(Dataset records)
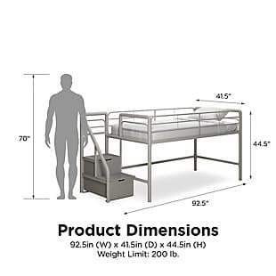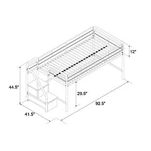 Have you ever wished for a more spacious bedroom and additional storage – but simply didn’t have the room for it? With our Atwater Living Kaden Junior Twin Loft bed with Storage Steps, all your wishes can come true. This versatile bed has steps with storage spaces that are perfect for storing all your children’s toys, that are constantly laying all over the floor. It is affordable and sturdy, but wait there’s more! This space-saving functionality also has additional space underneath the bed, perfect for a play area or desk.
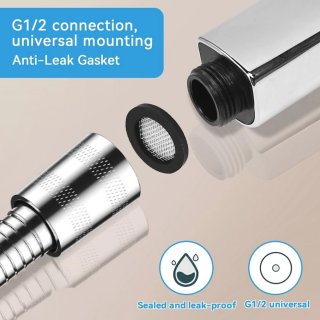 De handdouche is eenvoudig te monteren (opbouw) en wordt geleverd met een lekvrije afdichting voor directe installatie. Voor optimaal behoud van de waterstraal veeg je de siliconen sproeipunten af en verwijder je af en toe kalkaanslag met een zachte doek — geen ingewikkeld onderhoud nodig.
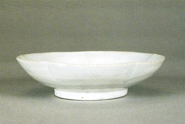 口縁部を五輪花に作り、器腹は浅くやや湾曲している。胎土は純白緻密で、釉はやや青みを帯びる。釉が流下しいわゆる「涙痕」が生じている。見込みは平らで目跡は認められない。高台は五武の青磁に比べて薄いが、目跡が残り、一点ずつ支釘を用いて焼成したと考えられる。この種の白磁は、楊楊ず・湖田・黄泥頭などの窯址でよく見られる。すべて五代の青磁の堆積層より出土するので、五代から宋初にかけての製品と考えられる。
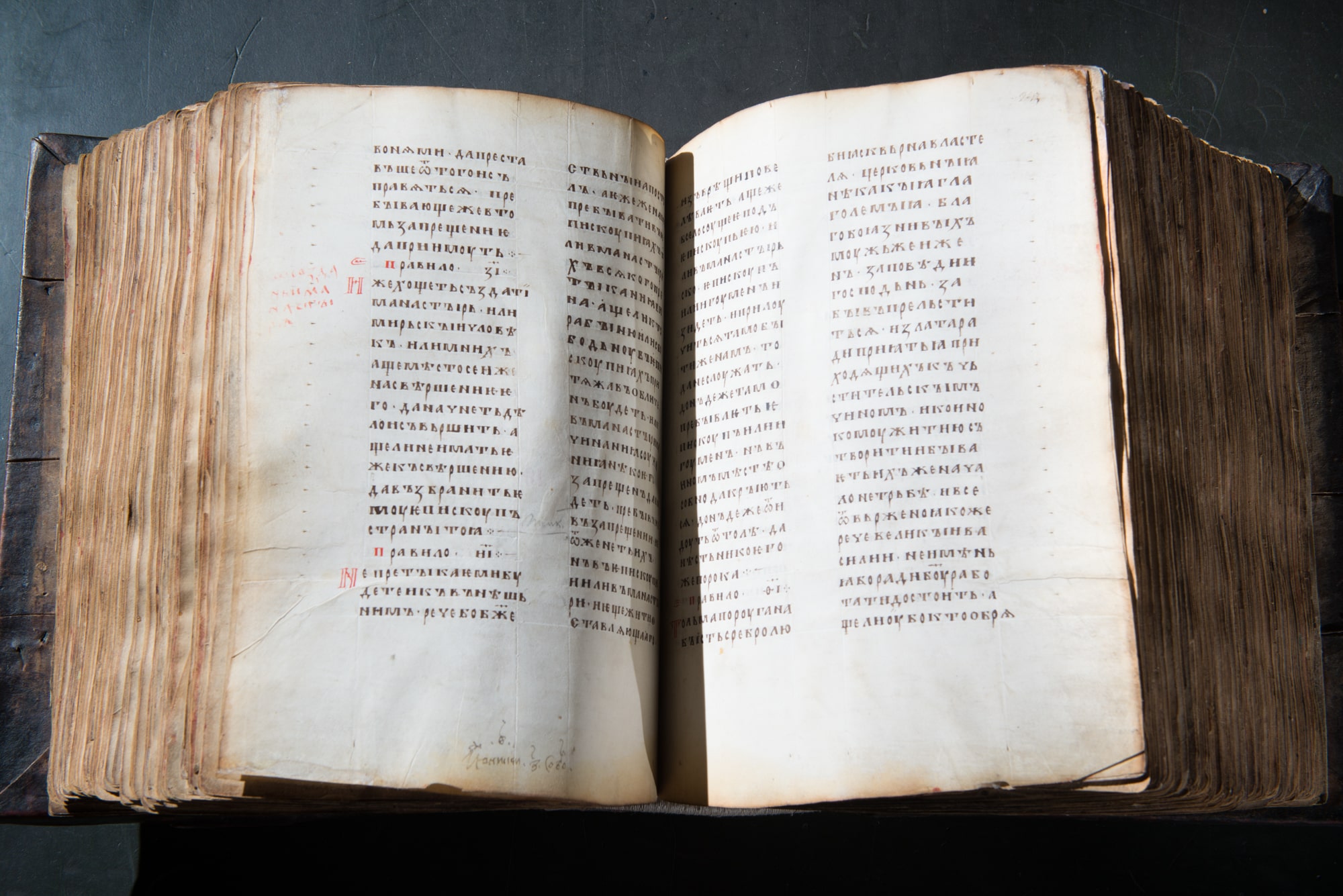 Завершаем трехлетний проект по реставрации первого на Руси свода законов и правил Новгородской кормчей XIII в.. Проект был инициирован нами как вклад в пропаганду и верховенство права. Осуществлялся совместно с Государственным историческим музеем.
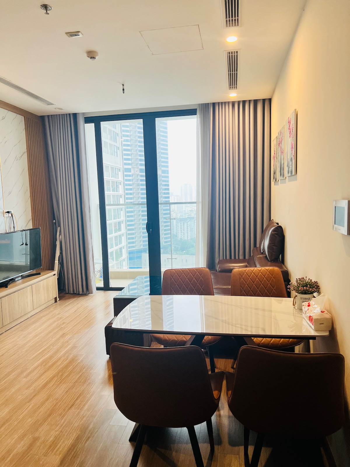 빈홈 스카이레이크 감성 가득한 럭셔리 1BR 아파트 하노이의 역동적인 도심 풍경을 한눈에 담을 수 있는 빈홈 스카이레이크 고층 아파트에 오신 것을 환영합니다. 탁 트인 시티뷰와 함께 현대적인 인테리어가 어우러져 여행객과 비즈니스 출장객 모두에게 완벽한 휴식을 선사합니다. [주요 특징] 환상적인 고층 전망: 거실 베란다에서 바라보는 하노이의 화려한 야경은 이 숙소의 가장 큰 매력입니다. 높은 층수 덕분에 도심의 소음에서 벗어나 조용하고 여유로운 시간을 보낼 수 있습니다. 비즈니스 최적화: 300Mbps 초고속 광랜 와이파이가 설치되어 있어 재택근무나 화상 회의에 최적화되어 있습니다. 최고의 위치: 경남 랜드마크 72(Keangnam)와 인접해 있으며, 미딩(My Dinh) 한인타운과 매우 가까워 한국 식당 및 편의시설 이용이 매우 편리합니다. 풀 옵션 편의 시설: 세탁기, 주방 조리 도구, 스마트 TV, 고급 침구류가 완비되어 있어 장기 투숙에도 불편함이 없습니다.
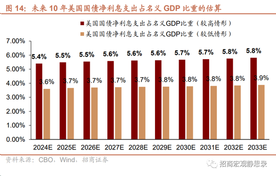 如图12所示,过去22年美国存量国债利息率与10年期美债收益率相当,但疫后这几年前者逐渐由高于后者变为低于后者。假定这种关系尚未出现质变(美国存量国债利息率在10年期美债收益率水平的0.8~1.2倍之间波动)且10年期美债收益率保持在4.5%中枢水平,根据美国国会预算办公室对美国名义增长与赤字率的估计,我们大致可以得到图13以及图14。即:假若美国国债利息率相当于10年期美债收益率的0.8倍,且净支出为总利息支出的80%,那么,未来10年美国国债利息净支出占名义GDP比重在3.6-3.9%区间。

= WORK TO COMPLETE =
The reply is to be all the records above, transcribed exactly, with no pictures.

= WRITTEN SOLUTION =
 Have you ever wished for a more spacious bedroom and additional storage – but simply didn’t have the room for it? With our Atwater Living Kaden Junior Twin Loft bed with Storage Steps, all your wishes can come true. This versatile bed has steps with storage spaces that are perfect for storing all your children’s toys, that are constantly laying all over the floor. It is affordable and sturdy, but wait there’s more! This space-saving functionality also has additional space underneath the bed, perfect for a play area or desk.
 De handdouche is eenvoudig te monteren (opbouw) en wordt geleverd met een lekvrije afdichting voor directe installatie. Voor optimaal behoud van de waterstraal veeg je de siliconen sproeipunten af en verwijder je af en toe kalkaanslag met een zachte doek — geen ingewikkeld onderhoud nodig.
 口縁部を五輪花に作り、器腹は浅くやや湾曲している。胎土は純白緻密で、釉はやや青みを帯びる。釉が流下しいわゆる「涙痕」が生じている。見込みは平らで目跡は認められない。高台は五武の青磁に比べて薄いが、目跡が残り、一点ずつ支釘を用いて焼成したと考えられる。この種の白磁は、楊楊ず・湖田・黄泥頭などの窯址でよく見られる。すべて五代の青磁の堆積層より出土するので、五代から宋初にかけての製品と考えられる。
 Завершаем трехлетний проект по реставрации первого на Руси свода законов и правил Новгородской кормчей XIII в.. Проект был инициирован нами как вклад в пропаганду и верховенство права. Осуществлялся совместно с Государственным историческим музеем.
 빈홈 스카이레이크 감성 가득한 럭셔리 1BR 아파트 하노이의 역동적인 도심 풍경을 한눈에 담을 수 있는 빈홈 스카이레이크 고층 아파트에 오신 것을 환영합니다. 탁 트인 시티뷰와 함께 현대적인 인테리어가 어우러져 여행객과 비즈니스 출장객 모두에게 완벽한 휴식을 선사합니다. [주요 특징] 환상적인 고층 전망: 거실 베란다에서 바라보는 하노이의 화려한 야경은 이 숙소의 가장 큰 매력입니다. 높은 층수 덕분에 도심의 소음에서 벗어나 조용하고 여유로운 시간을 보낼 수 있습니다. 비즈니스 최적화: 300Mbps 초고속 광랜 와이파이가 설치되어 있어 재택근무나 화상 회의에 최적화되어 있습니다. 최고의 위치: 경남 랜드마크 72(Keangnam)와 인접해 있으며, 미딩(My Dinh) 한인타운과 매우 가까워 한국 식당 및 편의시설 이용이 매우 편리합니다. 풀 옵션 편의 시설: 세탁기, 주방 조리 도구, 스마트 TV, 고급 침구류가 완비되어 있어 장기 투숙에도 불편함이 없습니다.
 如图12所示,过去22年美国存量国债利息率与10年期美债收益率相当,但疫后这几年前者逐渐由高于后者变为低于后者。假定这种关系尚未出现质变(美国存量国债利息率在10年期美债收益率水平的0.8~1.2倍之间波动)且10年期美债收益率保持在4.5%中枢水平,根据美国国会预算办公室对美国名义增长与赤字率的估计,我们大致可以得到图13以及图14。即:假若美国国债利息率相当于10年期美债收益率的0.8倍,且净支出为总利息支出的80%,那么,未来10年美国国债利息净支出占名义GDP比重在3.6-3.9%区间。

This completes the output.